Grow bacterial (E. coli) culture in LB medium with appropriate antibiotics at 37 °C overnight (O/N) with shaking. For >10 copies plasmid, 3 ml cell culture is usually enough.
Transfer O/N culture to a 1.5-ml eppendorf tube, and spin down cell culture (twice) at high speed for 1 min at table-top centrifuge.
Discard the supernatant. To remove the liquid completely by upside down tube onto a piece of paper towel for a few sec.
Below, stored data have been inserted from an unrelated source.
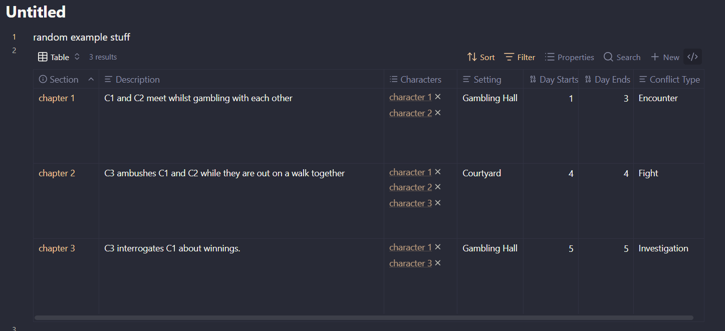 I’m creating a writer’s vault and showcasing sections (or chapters) as well as some general data about them (See screenshot below).
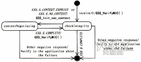 圖6中,在send()方法被調(diào)用后,Sender首先檢測是否已有可用的安全上下文,如果可用的安全上下文已經(jīng)存在,則可以利用該上下文的句柄作為參數(shù)之一,調(diào)用GSS-API的Get_GetMIC()方法。參數(shù)還包括有待進(jìn)行簽名的消息和可選的QoP。如果對消息簽名可以正常完成,Sender就可以將消息與簽名后生成的token一起送到目的地。如果簽名發(fā)生異常,則可以通過返回的錯誤碼判斷原因。
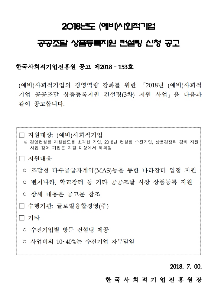 [한국사회적기업진흥원] 2018년도 (예비)사회적기업 공공조달 상품등록지원 컨설팅 신청 공고
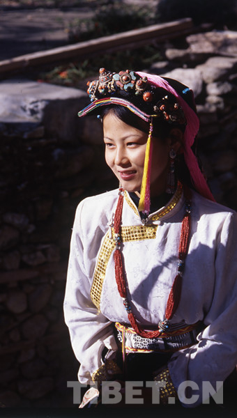 曾經(jīng)在雜志上看過一篇關于丹巴美人谷的報道,上面有一張三、四十人的丹巴女子盛裝大合影,眼睛逐一地在她們臉上掃過——簡直有些傻了:個個烏發(fā)白膚高鼻小口,身材高挑勻稱柔軟,如出水芙蓉般清麗俊秀…… 這等美麗不是百里挑一、也是五十里挑一的,合影中幾乎個個女子都有這般天生麗質(zhì),反反復復看了一遍又一遍,引來心中無限憧憬、無限神往。
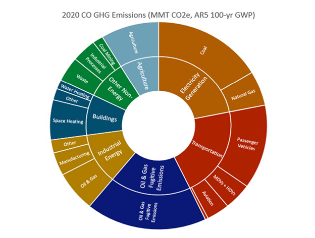 Colorado’s reduction goals were established in 2019 through House Bill 1261, also known as the Colorado Climate Action Plan to Reduce Pollution. The bill aims to reduce greenhouse gas (GHG) emissions from their 2005 levels by 26% by 2025, 50% by 2030, and 90% by 2050.
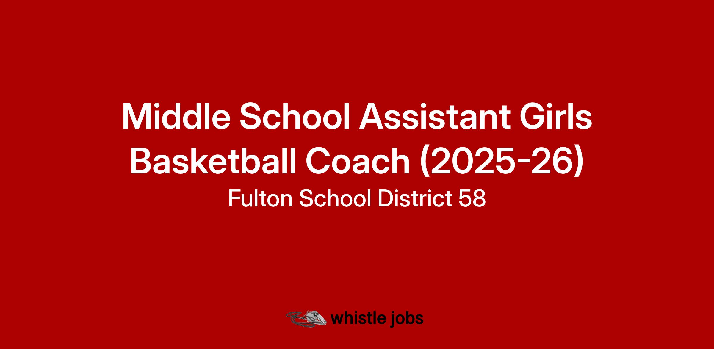 Fulton Public Schools is seeking highly qualified candidates to fill a Middle School Assistant Girls Basketball Coach vacancy for the 2025-26 season. Fulton School District is committed to positive coaching, culture, and collaboration with staff, students, and the community.
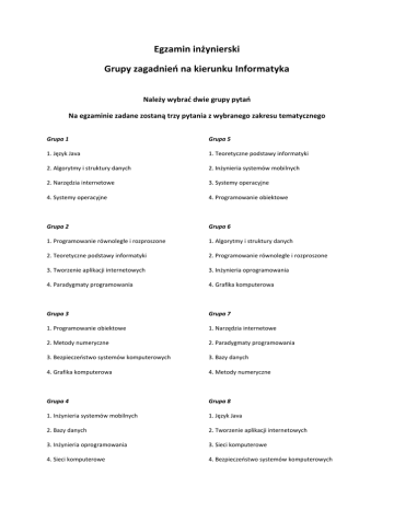Egzamin inżynierski Grupy zagadnień na kierunku Informatyka Należy wybrać dwie grupy pytań Na egzaminie zadane zostaną trzy pytania z wybranego zakresu tematycznego Grupa 1 Grupa 5 1. Język Java 1. Teoretyczne podstawy informatyki 2. Algorytmy i struktury danych 2. Inżynieria systemów mobilnych 2. Narzędzia internetowe 3. Systemy operacyjne 4. Systemy operacyjne 4. Programowanie obiektowe Grupa 2 Grupa 6 1. Programowanie równoległe i rozproszone 1. Algorytmy i struktury danych 2. Teoretyczne podstawy informatyki 2. Programowanie równoległe i rozproszone 3. Tworzenie aplikacji internetowych 3. Inżynieria oprogramowania 4. Paradygmaty programowania 4. Grafika komputerowa Grupa 3 Grupa 7 1. Programowanie obiektowe 1. Narzędzia internetowe 2. Metody numeryczne 2. Paradygmaty programowania 3. Bezpieczeństwo systemów komputerowych 3. Bazy danych 4. Grafika komputerowa 4. Metody numeryczne Grupa 4 Grupa 8 1. Inżynieria systemów mobilnych 1. Język Java 2. Bazy danych 2. Tworzenie aplikacji internetowych 3. Inżynieria oprogramowania 3. Sieci komputerowe 4. Sieci komputerowe 4. Bezpieczeństwo systemów komputerowych Zagadnienia dotyczące wybranych przedmiotów Przedstawione zagadnienia mają charakter poglądowy – na egzaminie mogą pojawić się pytania o podobnym sformułowaniu, bądź takie, które ostatecznie nie znalazły się na liście Inżynieria oprogramowania 1. Czym jest model i jakie możliwości reprezentacji modeli oferuje UML? 2. Podstawowe cechy obiektowości: wymień i scharakteryzuj 3. Co to jest scenariusz, do czego służy i z czego się składa? 4. Scharakteryzuj diagram przypadków użycia: elementy i zasady budowy 5. Wyjaśnij ideę metody CRC 6. Co to jest, do czego służy i z jakich elementów się składa diagram klas? 7. Jakimi inwariantami charakteryzuje się klasa? 8. Jakie są typy związków w UMLu? 9. Jakie są perspektywy projektu w UMLu? Do czego służą? 10. Wyjaśnij pojęcia klasy abstrakcyjnej i ekstensji klasy 11. Czym charakteryzują się atrybuty i metody klasy 12. Scharakteryzuj podobieństwa i różnice pomiędzy asocjacją, agregacją i kompozycją. Podaj przykłady 13. Co to jest maszyna stanowa i w jaki sposób można reprezentować ją w UML? Bazy danych 1. System baz danych – definicja pojęcia, elementy systemu i zależności między nimi. 2. Architektura systemu baz danych – poziomy opisu danych. 3. Perspektywy – definicja pojęcia, zastosowanie w praktyce. 4. Wyzwalacze – definicja pojęcia, rodzaje, przykłady. 5. Język DML w bazach danych – zastosowanie, przykłady instrukcji. 6. Język DDL w bazach danych – zastosowanie, przykłady instrukcji. 7. Związki między tabelami – rodzaje, cechy związków, przykłady. 8. Integralność danych – rodzaje, sposoby zapewnienia integralności w bazach danych. 9. Transakcja – definicja, cechy transakcji. 10. Awarie w systemach baz danych – rodzaje, sposoby odtwarzania stanu spójnego bazy. 11. Normalizacja baz danych – definicja pojęcia, cechy, celowość stosowania. 12. Klucze w bazach danych – definicja pojęcia, rodzaje, obszary zastosowań. Teoretyczne podstawy informatyki 1. Automaty skończone 2. Wyrażenia regularne 3. Automaty z wyjściem 4. Automaty ze stosem i gramatyki bezkontekstowe 5. Maszyna Turinga 6. Języki rekurencyjnie przeliczane 7. Złożoność pamięciowa. Twierdzenie o hierarchii 8. Złożoność czasowa. Twierdzenie o hierarchii 9. Porównanie złożoności deterministycznej i niedeterministycznej 10. Klasy problemów P i NP. Przykłady problemów NP Metody numeryczne 1. Reprezentacja liczb zmiennopozycyjnych w komputerze 2. Analiza błędu wytworzonego, algorytm numerycznie poprawny, zadania źle uwarunkowane 3. Zagadnienie interpolacji 4. Zagadnienie aproksymacji 5. Metody całkowania numerycznego 6. Metody skończone rozwiązywania układów równań liniowych 7. Równania i układy równań algebraicznych nieliniowych 8. Metody rozwiązywania równań różniczkowych zwyczajnych Algorytmy i struktury danych 1. Czym są: tablica, stos, lista, kolejka? Jakie są ich główne właściwości i jak wygląda organizacja w pamięci? 2. Przedstawić i omówić algorytmy wyszukiwania wzorca w danych binarnych i tekstowych (m.in. KMP,KR) 3. Omówić główne algorytmy sortowania, jaka jest ich złożoność czasowa? 4. Funkcje mieszające – czym są i gdzie się je stosuje? 5. Drzewa BST – jak działają, jak się buduje i gdzie stosuje? 6. Czym są drzewa AVL? 7. Grafy - reprezentacja w pamięci i własności 8. Algorytm Grahama / otoczka wypukła Bezpieczeństwo systemów komputerowych 1. Podpis elektroniczny - zasada działania, funkcje 2. Funkcje skrótu, HMAC, sól i pieprz - pojęcia, zastosowanie, funkcje 3. Tryby pracy algorytmów kryptograficznych - przykłady, cechy, zastosowania 4. Macierze dysków RAID - rodzaje, cechy, zastosowania 5. Wirtualizacja - wady, zalety, wpływ na bezpieczeństwo 6. Kryptografia symetryczna i asymetryczna - pojęcia i porównanie (wady, zalety, zastosowania) 7. Szyfry kaskadowe - zasada działania i wykorzystywane operacje (elementy) 8. Infrastruktura klucza publicznego 9. Rodzaje kopii zapasowej 10. Szyfr monoalfabetyczny - zasada działania, słabości Inżynieria systemów mobilnych 1. Warstwy w architekturze współczesnych systemów mobilnych, ich elementy i funkcje 2. Struktura aplikacji mobilnej dla systemu Android 3. Najważniejsze elementy graficznego interfejsu użytkownika i ich zastosowanie w systemie Android 4. Sposoby trwałego przechowywania danych w systemie Android 5. Przesyłanie danych pomiędzy elementami aplikacji w systemie Android 6. Aktywności, usługi, odbiorcy rozgłoszeń – znaczenie podstawowych elementów aplikacji mobilnej dla systemu Android 7. Sposoby wykonywania zadań w tle w systemie Android 8. Budowa pakietu aplikacji we współczesnych systemach mobilnych 9. Wykonywanie aplikacji we współczesnych systemach mobilnych (środowiska uruchomieniowe, model

Add 100 μl of resuspension solution (P1 buffer) into each tube, and vortex to completely resuspend cell pellet
Add 100 μl of lysis solution (P2 buffer) and mix by gently inverting the tube 5-6 times. The solution should quickly turn transparent and become more viscous indicating bacterial
lysis has taken place.
Add 150 μl of neutralizing solution (P3 buffer) and mix by inverting the tubes several times. At this point bacterial chromosomal DNA is usually seen as a white precipitate.
Centrifuge the tubes at high speed for 10 min.
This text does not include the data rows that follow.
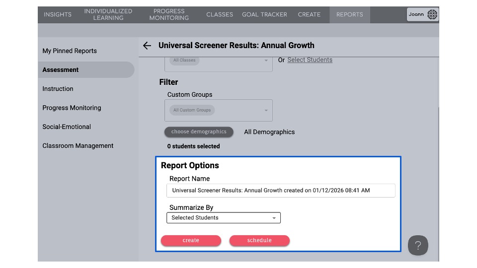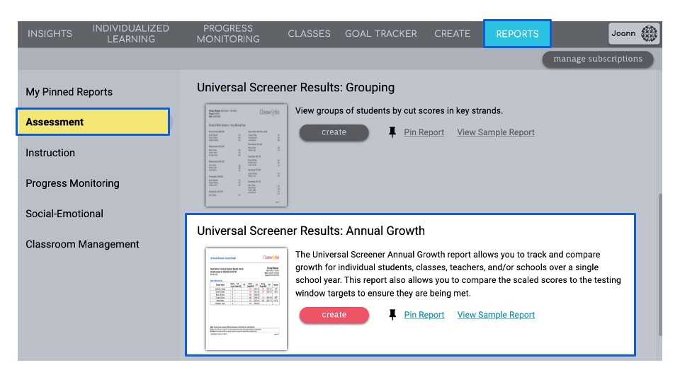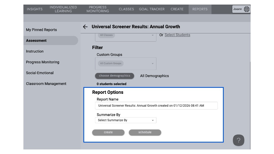 Navigate to the reports tab, select assessment and locate the Universal Screener Results: Annual Growth report. Click create.
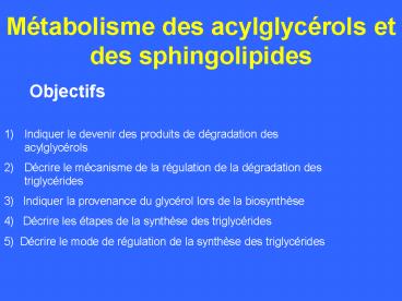 1Métabolisme des acylglycérols et des
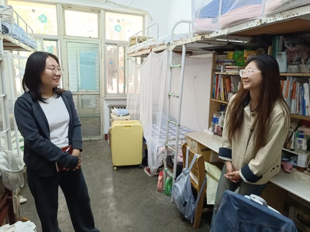 本次活动重点检查了宿舍用电安全与卫生环境,表扬了部分寝室整洁有序的内务,对存在安全隐患、内务杂乱的宿舍现场提出了整改意见。刘洁与同学们亲切交谈,详细询问生活适应情况与学业进展,叮嘱同学们“有困难及时向学院反馈”。她强调,“安全无小事,宿舍是大学生活的重要空间,要共同维护和谐、健康的居住环境。”
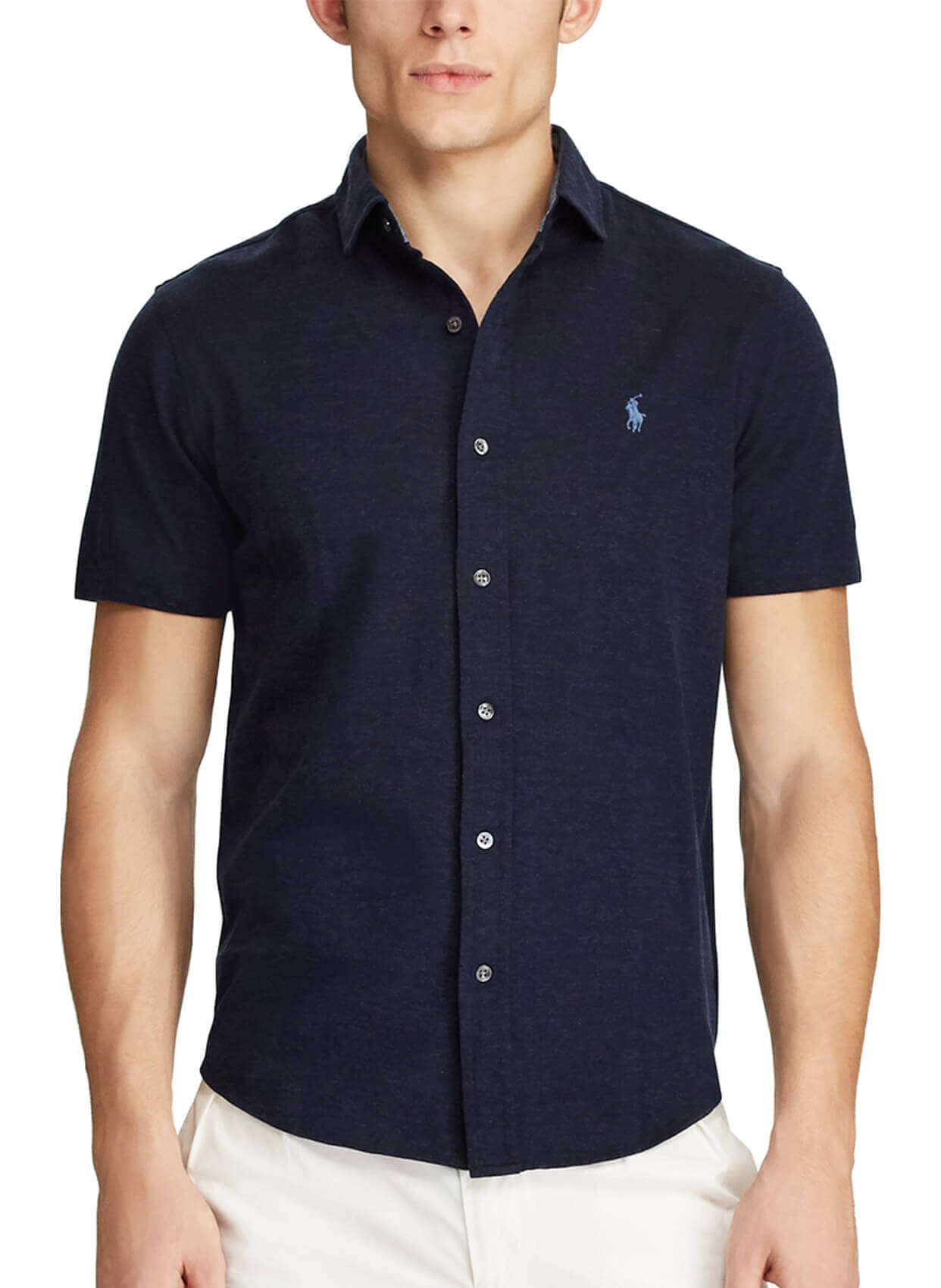 - Polo Ralph Lauren t-shirt lacivert pamuk standart kesim ile klasik yaka özellikleri, düğmeli kapatmalı ve kısa kollu. Bu model göğsünde işlemeli bir logoya ve yuvarlak bir tabana sahiptir.

Carefully transfer the supernatant (try to not disturb the white precipitate) to a new labeled 1.5-ml eppendorf tube with a 1ml pipette.
Add 2.5-3 volume of 200-proof cold ethanol (stores at -20 °C) to each tube and mix by inverting the tubes a few times.
Spin down plasmid DNA precipitate (transparency pellet) at high speed for 10 min.
Discard the supernatant and remove the remaining liquid as much as possible by leaving the tube upside-down on a piece of paper towel, then keep the tubes in a tube holder and air dry for 10-20 min. To dry faster, keep tubes at 37 °C heat blocker. DNA precipitate turns white when dry.
Resuspend the DNA pellet with 50 μl TE. Completely dissolve the pellet by pipetting solution several times.
Note: Large amounts of RNA is present in the DNA sample. Therefore, for subsequent reactions, for example, to digest plasmid DNA, add 1-5 μl (1 mg ml-1) RNAase to the digestion solution to completely remove RNA. Or, add RNAase directly to the resuspension solution with a final concentration of 1 mg ml-1.